Com histórias de muitas farras carnavalescas sobre o bloco Cordão da Bola Preta, do Rio de Janeiro, foi lançado recentemente o livro “Vem pro Bola, meu bem!” (Editora Numa). Os contos foram garimpados pelos historiadores André Diniz e Diogo Cunha. Em uma dessas memórias há a história do músico Cartola que justifica sua ausência à Dona Zica em um trecho que diz assim: “Um cara lá me chamou para ir ao Bola Preta. Nós chegamos pra ajudar, pendurar a fotografia do homem. Lá tinha um retrato do Getúlio Vargas, e ficou aquele negócio de tira o retrato do velho, bota o retrato do velho. Quando eu vi… já era quarta-feira”. Em seguida, Zica emendou: “Então, acertaram o retrato do velho, Cartola?”.
A obra em formato de crônicas, também reúne causos sobre o centenário grupo de carnaval, de nomes renomados da época, como: Nei Lopes, Heloisa Seixas, Luiz Antônio Simas, Moacyr Luz e Rachel Valença, entre tantos outros. Sobre isso, André Diniz revelou ao jornal O Globo:
“O Bola é um portão civilizatório que aglutina personagens e culturas de toda a cidade, seja da periferia, da Zona Norte, Zona Oeste. E até de fora dela, como da Baixada Fluminense, São Gonçalo, Niterói.
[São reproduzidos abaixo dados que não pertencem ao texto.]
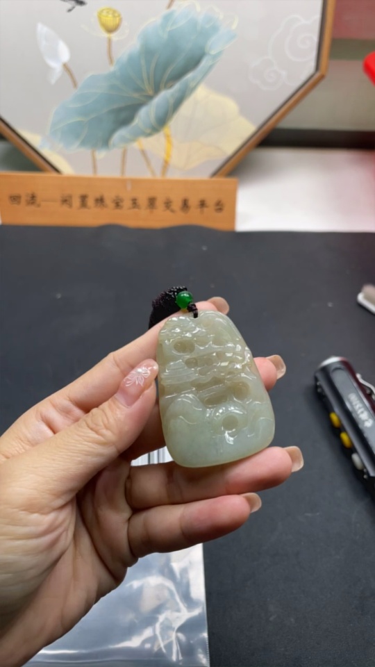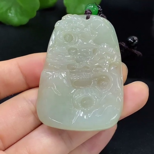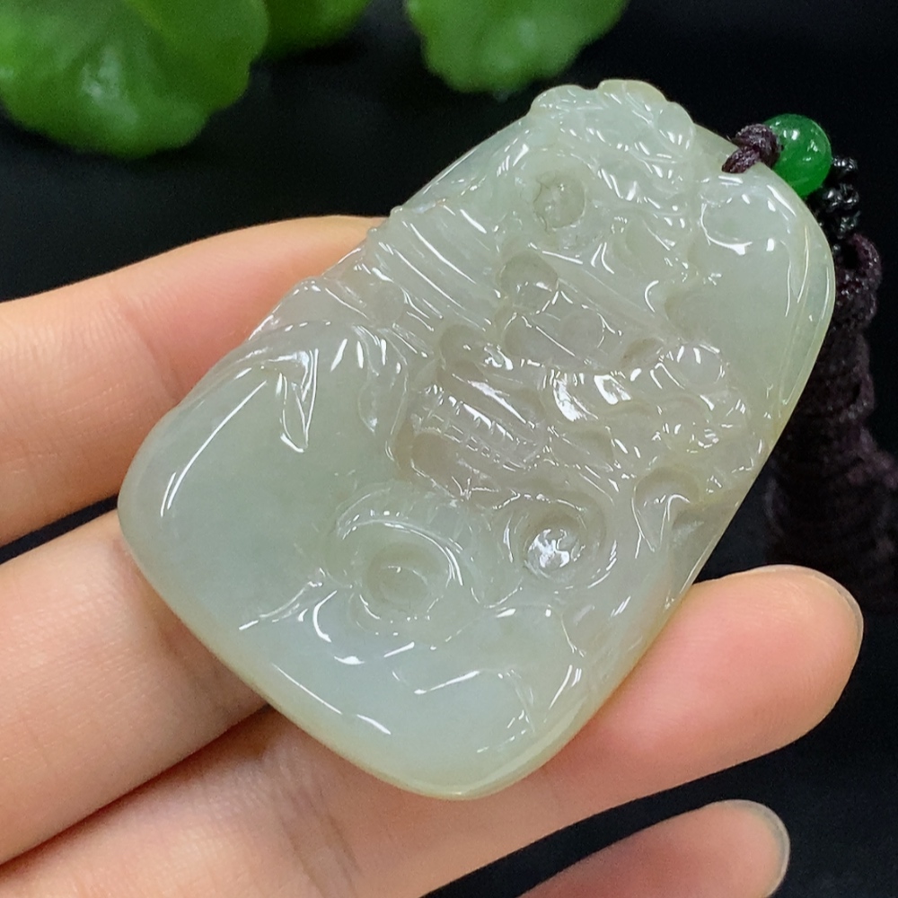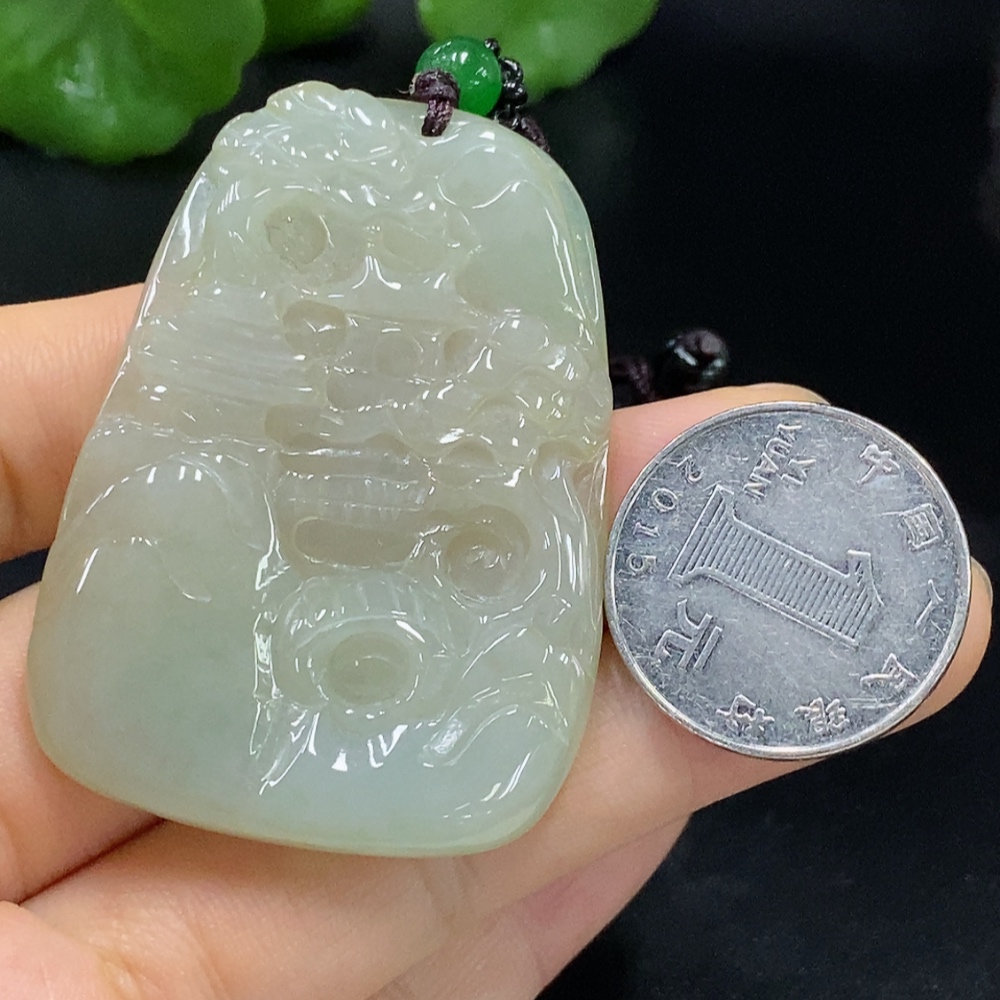 Jadeite Pendant Landscape with Cord Total Weight Approx. 33.4g
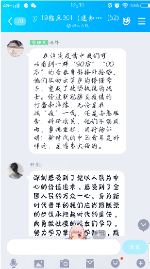 为让同学们更准确地了解我国疫情防控新形势,坚定战胜疫情的决心,鼓舞青春斗志,5月31日晚,临床医学系党总支负责人陈俊颖副书记为临床医学系19临床301班全体同学上了一堂 “战疫情,青春有我,时代有我”为主题的线上党课。
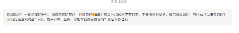 50万预算看了奔驰E级 (配置|询价),蔚来ES8 (配置|询价)和路虎星脉 (配置|询价)。
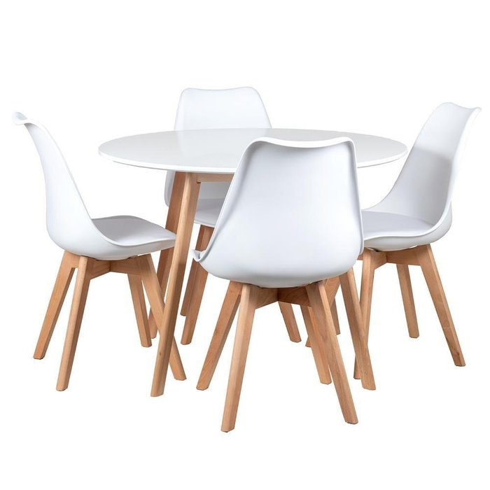 Cadeira Leda: Material do encosto: Polipropileno - Material do assento: Couro PU - Material dos pés: Madeira natural - Altura do encosto: 82 cm - Altura do assento: 44 cm - Largura do assento: 48 cm - Profundidade do assento: 43 cm - Distância entre os pés: 42 cm - Peso suportado: 130 kg. Mesa redonda Leda: Material do tampo: MDF laqueado (laca fosca) - Material da base: Madeira natural - Altura: 70 cm - Diâmetro do tampo: 100 cm - Garantia: 3 meses. Altura: 75 cm | Cor: Multicolorido | Garantia do fabricante: 3 meses | Largura: 100 cm | Peso do produto: 25 kg | Produto: Conjunto de Mesa e Cadeiras | Quantidade de lugares: 4 | Material do tampo (mesa): MDF laqueado (Laca fosca) | Material da base (mesa): Madeira | Altura (mesa): 70 cm | Diâmetro (mesa): 100 cm | Material do assento (cadeiras): Polipropileno e couro PU | Material da base (cadeiras): Madeira natural | Altura do assento (cadeiras): 44 cm | Largura do assento (cadeiras): 48 cm | Profundidade do assento (cadeiras): 43 cm | Fabricante: Mobili | RBN: 17100657011 Cor: Branco
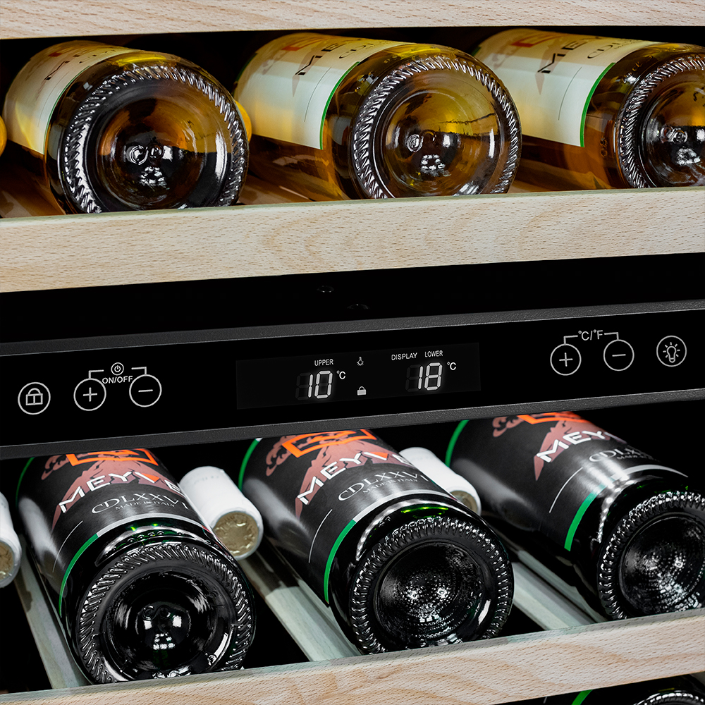 Компрессорный винный шкаф Meyvel MV46PRO-KWT2 обладает большой вместимостью и даёт возможность разместить до 46 бутылок стандартного типа Бордо (0,75 л). Располагаются они на выкатных полках из дерева. Внутреннее пространство шкафа разделено на 2 температурные зоны, с возможностью настраивать каждую из них. Диапазон верхней зоны варьируется от +5°C до +12°C, а нижней - от +12°C до +20°C.

O bloco inventa a cidade através da festa, ocupando a rua.”
Livro em homenagem ao Cordão da Bola Preta
A publicação leva o leitor a entrar e sair (como numa folia de carnaval) de uma parte da história do Bola Preta, criado a partir da garimpagem de causos feitas por Diniz e Cunha. A extensa pesquisa contou com mais de 40 mil páginas de jornais, livros de referência sobre cultura popular carioca e depoimentos gravados de alguns dos fundadores do cordão, entre eles: Chico Brício e K-veirinha. A dupla decidiu intercalar os capítulos com crônicas da equipe de escritores-foliões convidados. Isso confere uma leitura em clima de bate-papo de botequim.
São os casos de ouvir Moacyr Luz contando histórias de uma folia do passado na companhia de Ruy Castro em “Dois no Bola”; das atípicas estripulias de um dia de carnaval começado no Bola Preta, em “Cabelo novo”, narrado por Marcelo Moutinho; e o causo da “levitação” de Heloísa Seixas, contada em “Sobrevoando o Bola”.
Morte de Zé Pereira
Em um dos enredos mais curiosos do livro, está o relato da jornalista Mariana Figueiras, em “No baú alvinegro, mistérios coloridos”, em que é contada a notícia do falecimento do Zé Pereira. Na época, muitos acreditaram ser um mero causo de carnaval em forma de gíria, mas na realidade, conforme versão do Bola Preta, tratava-se do apelido de José Pereira, que foi um andarilho que transitava pela Cinelândia e morreu em pleno carnaval. Como era muito querido pelos foliões, o Zé foi homenageado em seu enterro com uma coroa de flores dadas pelo cordão do Bola.
Entre outras boas histórias carnavalescas está a invenção da monarca da folia. O relato se trata da versão “feminina” do Rei Momo, criada em 1935, e encarnada por bolapretistas bigodudos e barrigudos. Já no ano de 1961, a celebração passou a ser vivida por Maura Possa, que foi eleita a primeira mulher “Rainha Moma” do bloco carioca.
Sucesso do Bola Preta
De acordo com a dupla que organizou a obra, o sucesso atribuído ao Cordão da Bola Preta é ele possuir este gosto pela farra e pela gaiatice, que já vem de berço.
O bloco foi criado em 31 de dezembro de 1918 e surgiu como uma provocação ao então chefe de polícia Aurelino Leal (o mesmo que aparece na letra do samba “Pelo telefone”), que tinha acabado de proibir a constituição de blocos de carnaval no Rio de Janeiro. Diogo Cunha explicou:
“Aí, de porre, só de farra, K-veirinha resolveu fundar o cordão, nesse gesto de humor bem carioca. E acabou que a brincadeira já dura 100 anos.”
Diniz ainda faz um apelo pela continuação da farra do carnaval de rua:
“Estamos num momento de desvalorização pelo poder público dessa vocação da cidade para a festa. Se vivermos numa sociedade que poda as festas, tira as pessoas da rua, vamos viver num lugar mais intransigente. E que acaba com o verdadeiro sentido da cidade, que é o do encontro.”